Biographical details
- Born: December 9, 1904 Lexington County, South Carolina
- Died: August 12, 1980 (aged 75) Orangeburg County, South Carolina

Playing career
- 1925–1927: Furman
- Position(s): Quarterback

Coaching career (HC unless noted)
- 1932–1933: South Carolina (assistant)

Accomplishments and honors

Championships
- SIAA (as player, 1927)

Awards
- Furman Athletics Hall of Fame

= Whitey Rawl =

American football player and coach (1904–1980)

Fred Brooker "Whitey" Rawl (December 9, 1904 - August 12, 1980) was a college football player and coach. He also played basketball, baseball and track. He was a prominent quarterback for coach Billy Laval's Furman Purple Hurricane of Furman University, called the "siege gun" of the Furman backfield; leading Furman to a 23-5-1 record over his tenure.
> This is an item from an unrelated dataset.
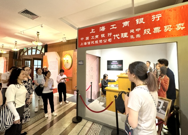 在浦江饭店(原理查饭店)中国证券博物馆,党员们“见证”了改革开放总设计师邓小平把飞乐音响股票赠送给来访的纽约证券交易所董事长约翰·范尔霖的历史瞬间,“倾听”到国际社会发出的“中国与股市握手”的惊呼。通过重温这一历史场景,党员们深刻感受到了中国证券市场从无到有、从封闭到开放的发展历程和改革开放的辉煌成就。

The 1927 team won the Southern Intercollegiate Athletic Association and was the only team to defeat NC State. In a defeat over The Citadel, Rawl ran 56 yards for the game's only touchdown. He also starred in a victory over Mercer. Rawl was later a backfield coach under Laval for the South Carolina Gamecocks.

Rawl told The Columbia Record in 1961 that opponents thought "Laval was either cheating or crazy... Nobody ever seemed to figure out which, but we beat 'em." Rawl was inducted into the Furman Athletics Hall of Fame in 1982.